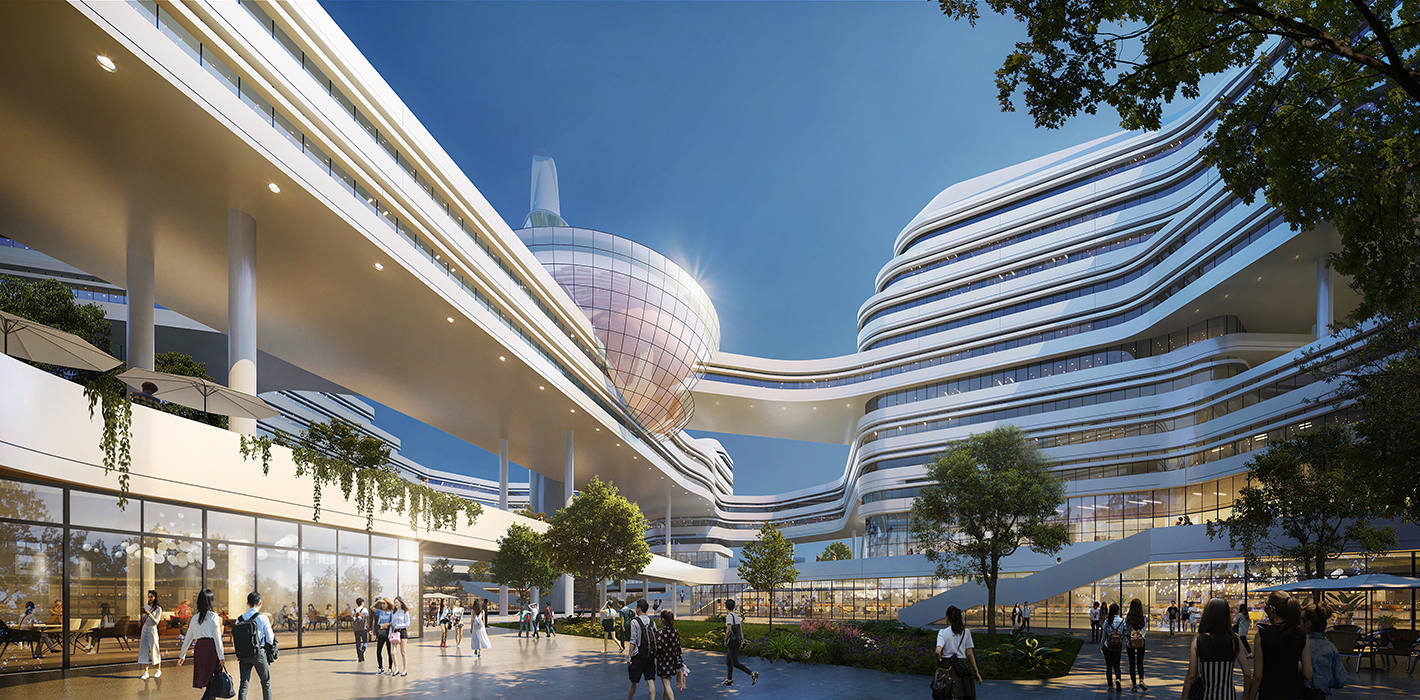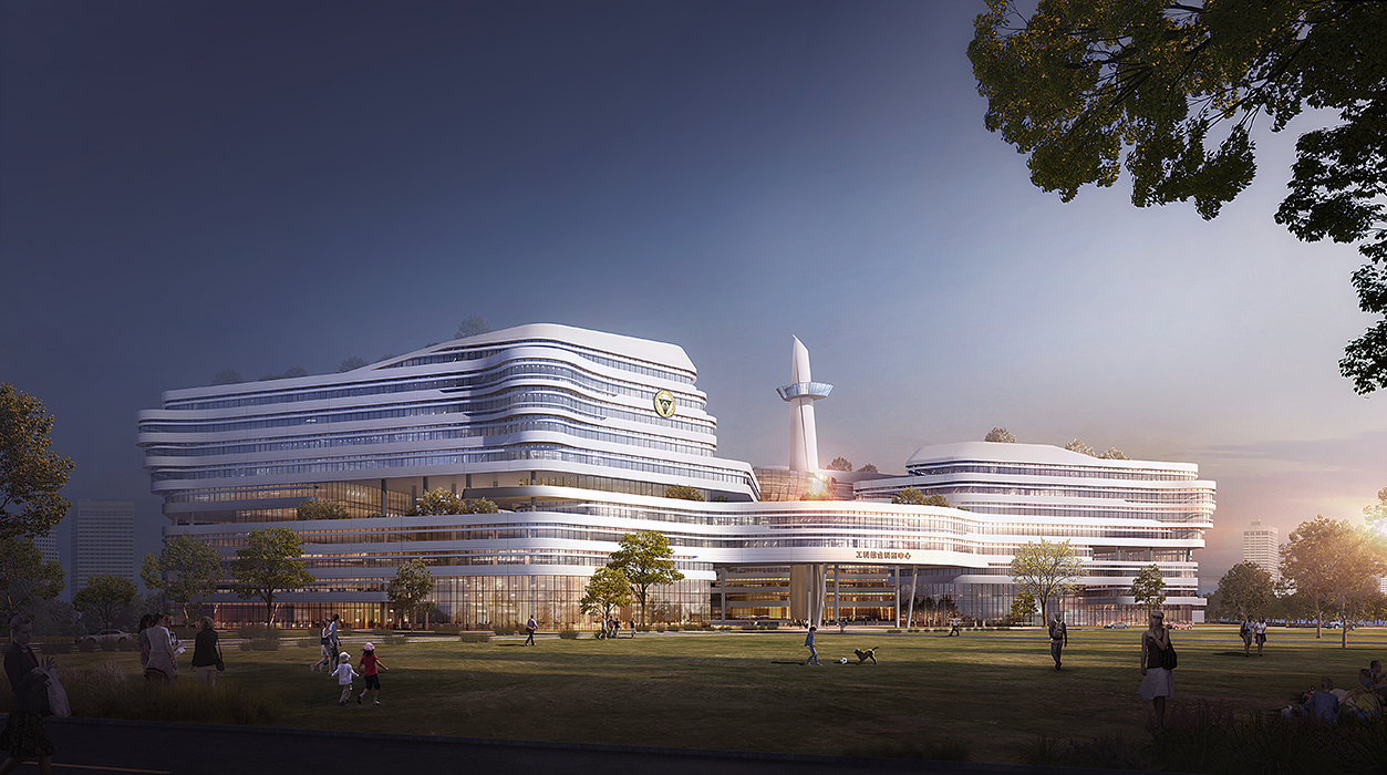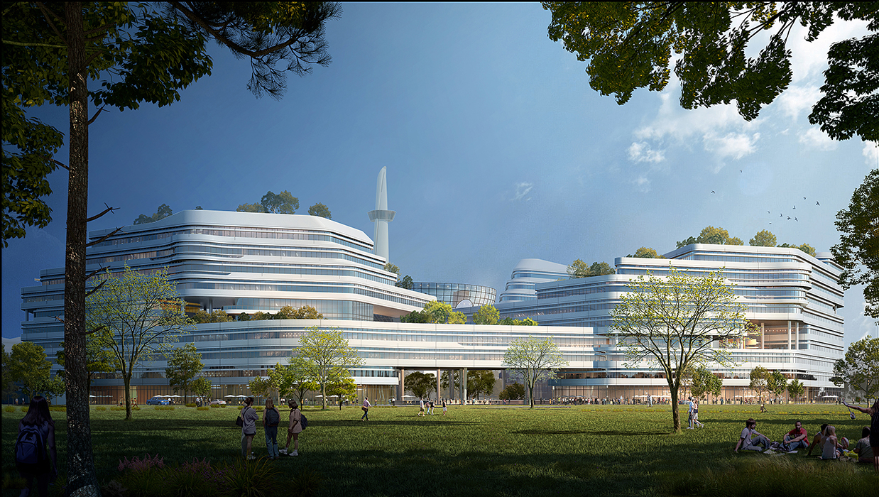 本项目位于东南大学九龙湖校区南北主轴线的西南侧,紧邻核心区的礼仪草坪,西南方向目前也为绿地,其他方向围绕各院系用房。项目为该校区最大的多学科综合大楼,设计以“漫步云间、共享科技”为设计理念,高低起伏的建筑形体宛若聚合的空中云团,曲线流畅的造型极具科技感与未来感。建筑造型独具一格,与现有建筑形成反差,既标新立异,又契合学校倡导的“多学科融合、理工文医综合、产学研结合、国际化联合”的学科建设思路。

---

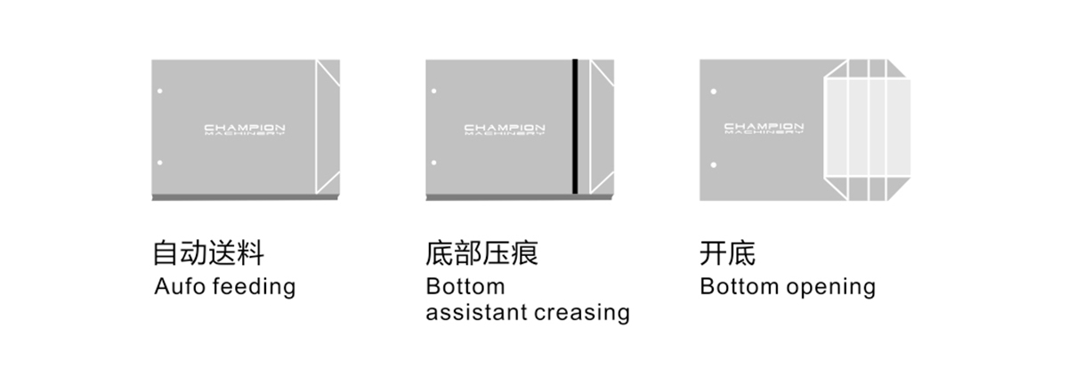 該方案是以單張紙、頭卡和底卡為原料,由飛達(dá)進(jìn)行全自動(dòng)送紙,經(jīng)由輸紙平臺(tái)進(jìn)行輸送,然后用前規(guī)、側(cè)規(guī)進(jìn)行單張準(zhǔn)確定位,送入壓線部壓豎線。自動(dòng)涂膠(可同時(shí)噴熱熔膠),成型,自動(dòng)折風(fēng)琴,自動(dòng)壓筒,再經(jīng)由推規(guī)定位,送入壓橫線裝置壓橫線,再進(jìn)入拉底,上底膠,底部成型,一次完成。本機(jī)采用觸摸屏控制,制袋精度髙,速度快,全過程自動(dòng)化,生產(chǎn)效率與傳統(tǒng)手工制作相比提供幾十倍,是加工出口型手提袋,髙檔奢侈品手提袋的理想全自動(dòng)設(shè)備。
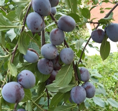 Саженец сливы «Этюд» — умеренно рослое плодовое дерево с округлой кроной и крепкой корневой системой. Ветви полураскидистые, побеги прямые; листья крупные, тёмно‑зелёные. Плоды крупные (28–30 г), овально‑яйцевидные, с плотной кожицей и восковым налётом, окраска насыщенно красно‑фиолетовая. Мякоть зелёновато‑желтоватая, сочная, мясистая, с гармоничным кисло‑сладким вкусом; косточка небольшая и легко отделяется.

--

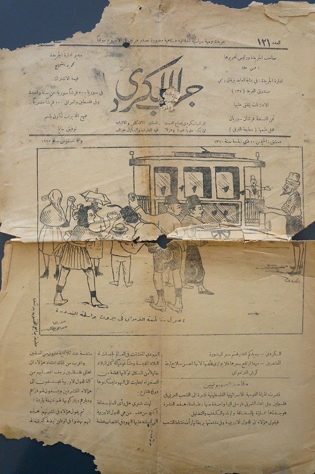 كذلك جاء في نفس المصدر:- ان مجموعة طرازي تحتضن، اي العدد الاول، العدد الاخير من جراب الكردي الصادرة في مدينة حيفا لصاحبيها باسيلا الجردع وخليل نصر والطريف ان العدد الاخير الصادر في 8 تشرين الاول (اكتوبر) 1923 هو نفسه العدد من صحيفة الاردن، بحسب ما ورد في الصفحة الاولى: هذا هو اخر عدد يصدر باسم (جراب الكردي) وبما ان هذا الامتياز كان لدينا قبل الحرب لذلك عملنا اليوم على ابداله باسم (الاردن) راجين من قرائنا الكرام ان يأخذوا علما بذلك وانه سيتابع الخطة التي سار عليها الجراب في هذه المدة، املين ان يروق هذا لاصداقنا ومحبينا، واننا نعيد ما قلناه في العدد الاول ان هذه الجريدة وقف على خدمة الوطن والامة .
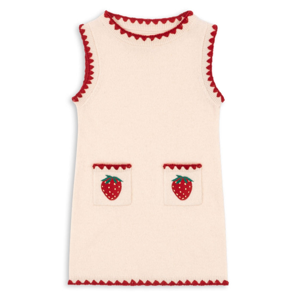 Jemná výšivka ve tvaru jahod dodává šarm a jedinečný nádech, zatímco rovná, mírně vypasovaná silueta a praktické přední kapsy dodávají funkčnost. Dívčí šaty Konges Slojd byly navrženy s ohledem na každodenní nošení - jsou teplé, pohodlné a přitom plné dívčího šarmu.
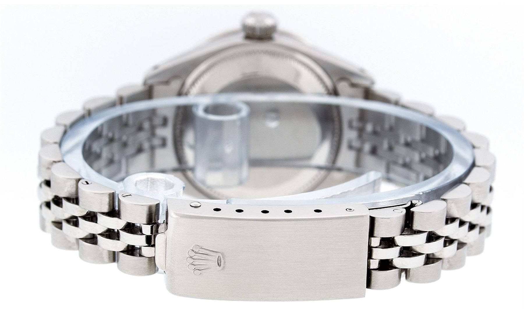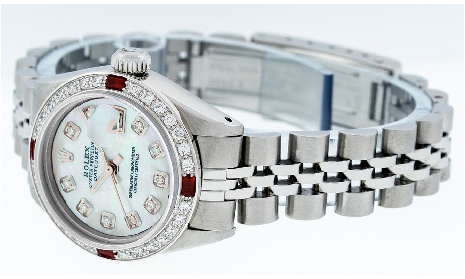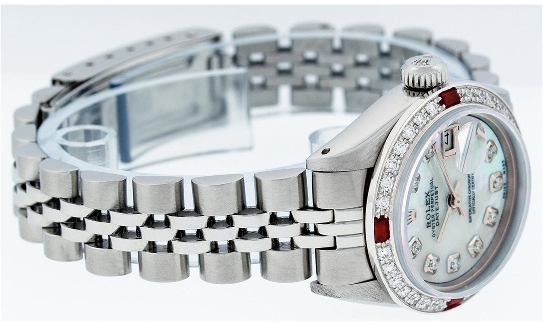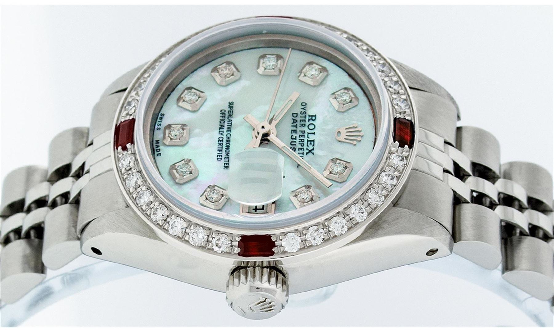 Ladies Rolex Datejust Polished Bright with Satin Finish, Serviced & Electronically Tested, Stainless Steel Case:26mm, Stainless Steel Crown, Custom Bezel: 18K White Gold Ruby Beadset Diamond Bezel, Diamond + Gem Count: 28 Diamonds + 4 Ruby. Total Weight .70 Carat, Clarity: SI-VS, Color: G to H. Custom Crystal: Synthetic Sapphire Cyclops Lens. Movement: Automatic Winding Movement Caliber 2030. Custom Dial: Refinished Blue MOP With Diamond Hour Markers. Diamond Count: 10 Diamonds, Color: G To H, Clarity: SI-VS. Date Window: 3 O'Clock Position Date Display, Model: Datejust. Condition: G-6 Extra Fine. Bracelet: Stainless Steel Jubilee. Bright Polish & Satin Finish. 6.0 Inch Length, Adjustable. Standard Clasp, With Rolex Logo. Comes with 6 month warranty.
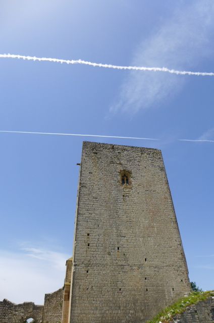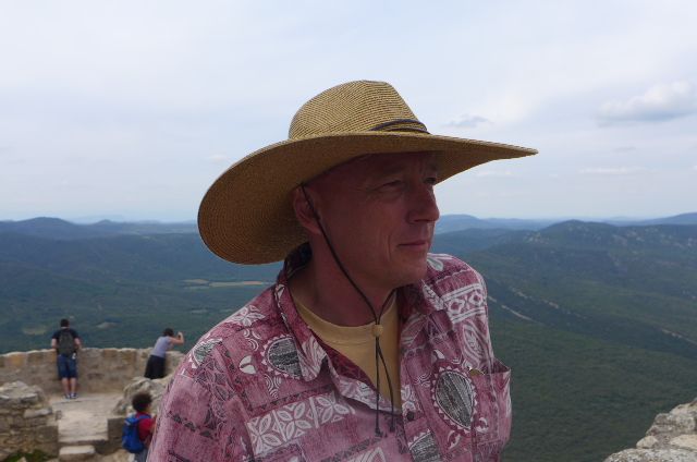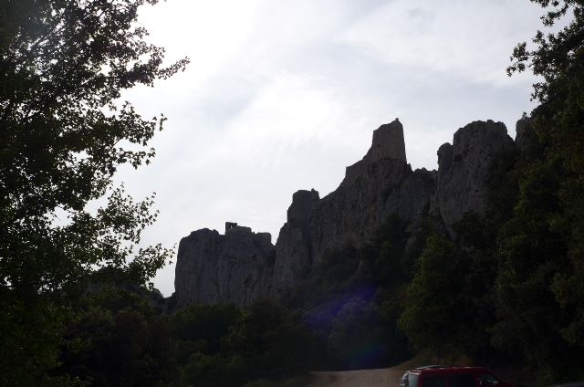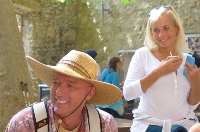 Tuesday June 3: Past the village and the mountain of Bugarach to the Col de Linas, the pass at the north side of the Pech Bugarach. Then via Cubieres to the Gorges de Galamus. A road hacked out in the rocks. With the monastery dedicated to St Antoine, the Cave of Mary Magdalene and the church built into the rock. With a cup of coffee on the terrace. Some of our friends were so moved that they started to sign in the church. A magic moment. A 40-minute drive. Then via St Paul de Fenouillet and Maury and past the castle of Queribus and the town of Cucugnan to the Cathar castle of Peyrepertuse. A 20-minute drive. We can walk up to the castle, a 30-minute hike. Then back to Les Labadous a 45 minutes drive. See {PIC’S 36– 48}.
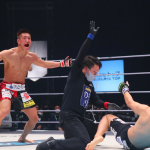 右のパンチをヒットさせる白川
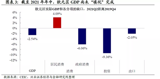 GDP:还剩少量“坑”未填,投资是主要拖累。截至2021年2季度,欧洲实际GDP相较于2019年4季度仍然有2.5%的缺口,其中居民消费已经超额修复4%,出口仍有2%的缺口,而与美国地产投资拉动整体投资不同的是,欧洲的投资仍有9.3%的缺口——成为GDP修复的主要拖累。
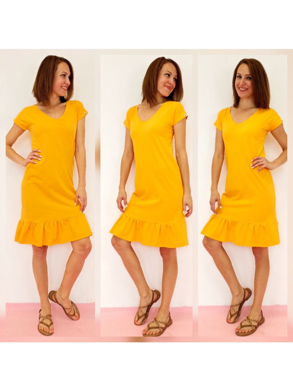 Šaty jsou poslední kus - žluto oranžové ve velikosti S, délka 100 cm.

Activity: Within the listing above, the lines starting at the one containing "كذلك جاء في" and ending at the one containing "Jemná výšivka ve" are to be returned exactly. Omit the pictures.

Response:
 كذلك جاء في نفس المصدر:- ان مجموعة طرازي تحتضن، اي العدد الاول، العدد الاخير من جراب الكردي الصادرة في مدينة حيفا لصاحبيها باسيلا الجردع وخليل نصر والطريف ان العدد الاخير الصادر في 8 تشرين الاول (اكتوبر) 1923 هو نفسه العدد من صحيفة الاردن، بحسب ما ورد في الصفحة الاولى: هذا هو اخر عدد يصدر باسم (جراب الكردي) وبما ان هذا الامتياز كان لدينا قبل الحرب لذلك عملنا اليوم على ابداله باسم (الاردن) راجين من قرائنا الكرام ان يأخذوا علما بذلك وانه سيتابع الخطة التي سار عليها الجراب في هذه المدة، املين ان يروق هذا لاصداقنا ومحبينا، واننا نعيد ما قلناه في العدد الاول ان هذه الجريدة وقف على خدمة الوطن والامة .
 Jemná výšivka ve tvaru jahod dodává šarm a jedinečný nádech, zatímco rovná, mírně vypasovaná silueta a praktické přední kapsy dodávají funkčnost. Dívčí šaty Konges Slojd byly navrženy s ohledem na každodenní nošení - jsou teplé, pohodlné a přitom plné dívčího šarmu.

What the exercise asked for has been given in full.